Monday, February 11, 2008

7.20 Mr Sulu, take us home

(Star Trek IV, The Voyage Home, 1986)

You all remember the Star Trek movie, "The Wrath of Khan (1982)", in which Captain James Tiberius Kirk receives a pair of reading glasses as a birthday present from Dr Leonard (Bones) H McCoy. Kirk proceeds to lament rather unconvincingly the onslaught of old age. Presumably, by the 23rd Century, presbyopia has already been eradicated. Unfortunately, Capt Kirk is allergic to Retinax V - the medicine for treating Presbyopia, or "老花眼old blurry eyes" in Chinese and "老眼old eyes" in Japanese. The keyword: "old".

Funny the script did not follow the more creative vein as that for Captain Jean-Luc Picard who chooses to be bald (Ha!!) There is perhaps a lack of imagination on the screen writers' part. Because even now, there are invasive ways of manipulating presbyopia. Not that this is necessary, a pair of inexpensive OTC readers, bifocals including bifocal contacts, or monovision correction of various kinds (from LASIK to contact lenses, to spectacles) all can quickly resolve the issue.
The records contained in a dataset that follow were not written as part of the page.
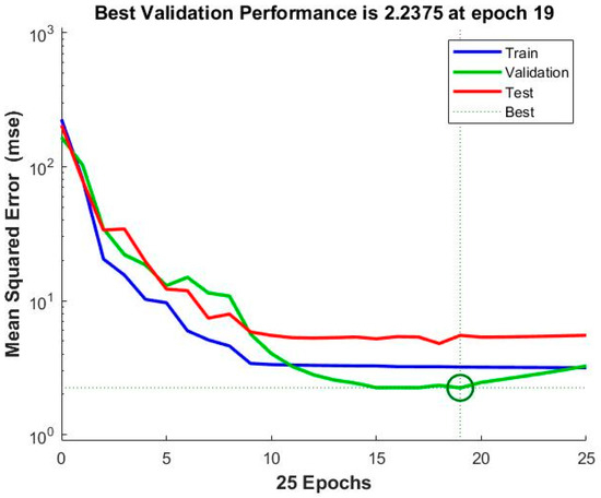 Every input was normalized between [−1, 1] to reduce the influence of variables with a huge numerical value. The normalized output is then finally denormalized to obtain the actual output value. The ANN algorithm allocates weights and biases at random in the first iteration. Then, the model’s output is compared to the training observations measured data. The error is the difference between the ANN model output and the measured output. The goal of the training was to reduce the Mean Square Error (MSE) as much as possible by altering the weights and biases with each iteration. Backpropagation was used to modify the weights and biases. An epoch is a unit of time that includes both forward and backward propagation. With each epoch, the model’s MSE is improved. Figure 5 shows that the best performance of the model was at the 19th iteration with 2.2375 MSE.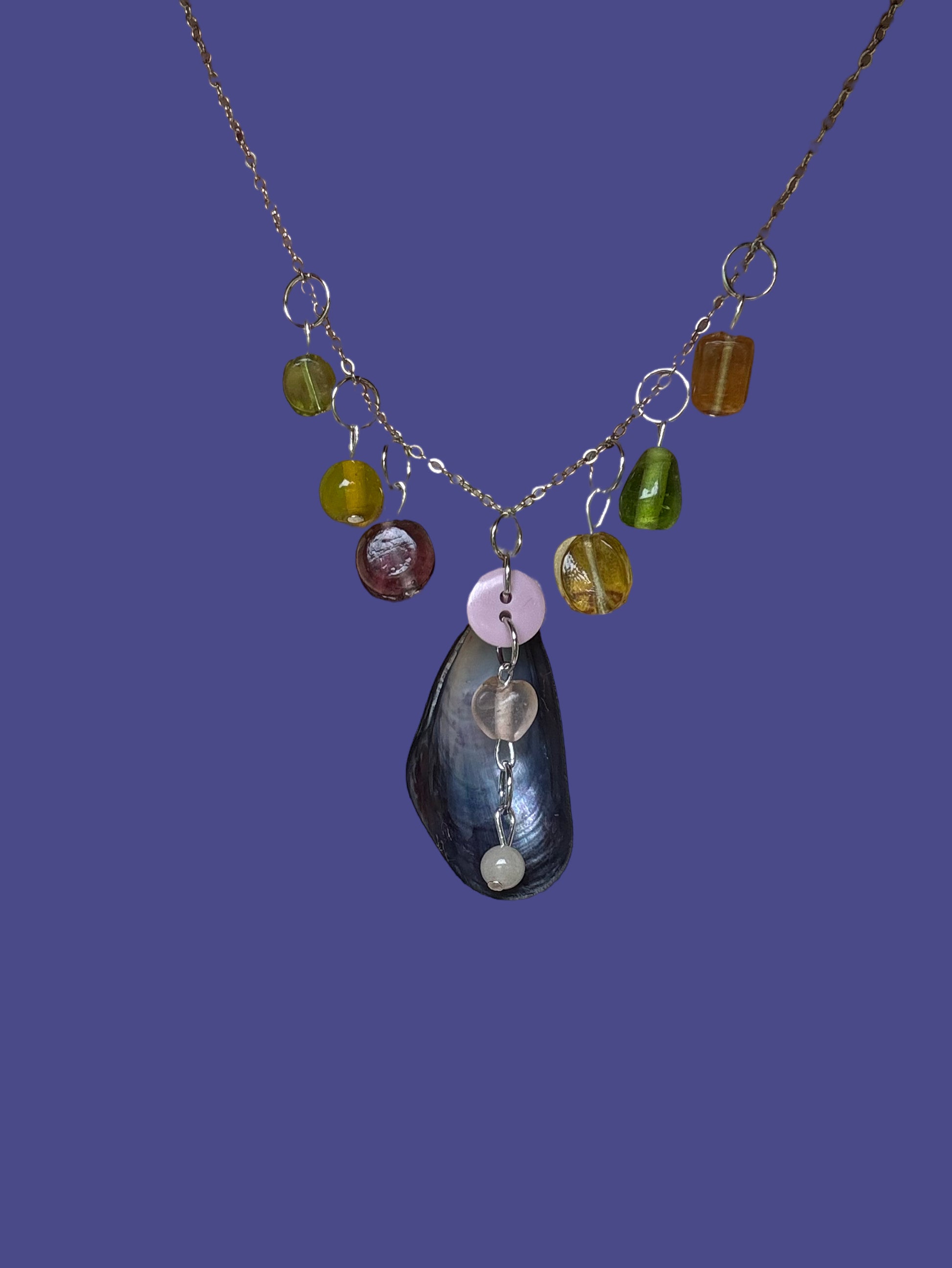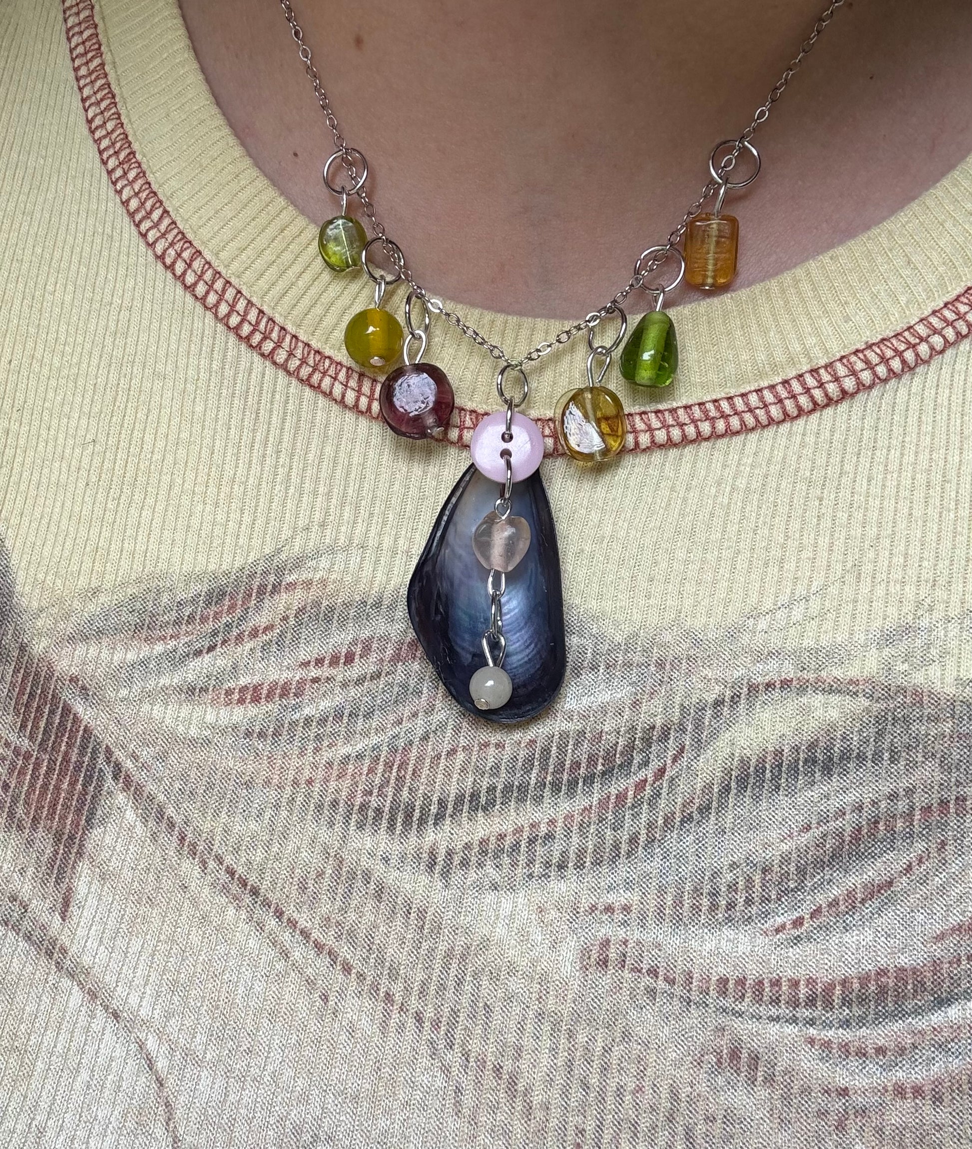 Mussel dangling pendant with button and glass blown bead charms. Pendant is 2-inches in length and total length is 16-inches on a silver gold-plated chain.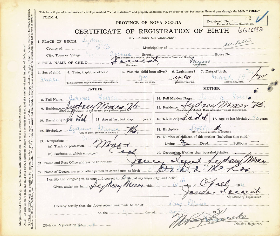 12. Birthplace Sydney Mines, Cape Breton Co., NS

Presbyopia is an age-related loss of crystalline lens deformability for focusing at near. This was described by Thomas Young (1773-1829) in 1793. To explain the process, he had invoked the elasticity theory. The Young's Modulus (stress = E x strain) is dependent on the material. In the case of accommodation, the lens capsule appears the candidate (see image below). Young's argument was that the capsule elasticity had diminished during aging. Indeed, recent measurements confirmed that the Modulus was about 6 × 107 dyn/cm2 in children which decreased to 3 × 107 dyn/cm2 at age 60, and to 1·5 × 107 dyn/cm2 in extreme old age. Similar to tired old rubber bands which cannot resume the original lengths when the tension is released.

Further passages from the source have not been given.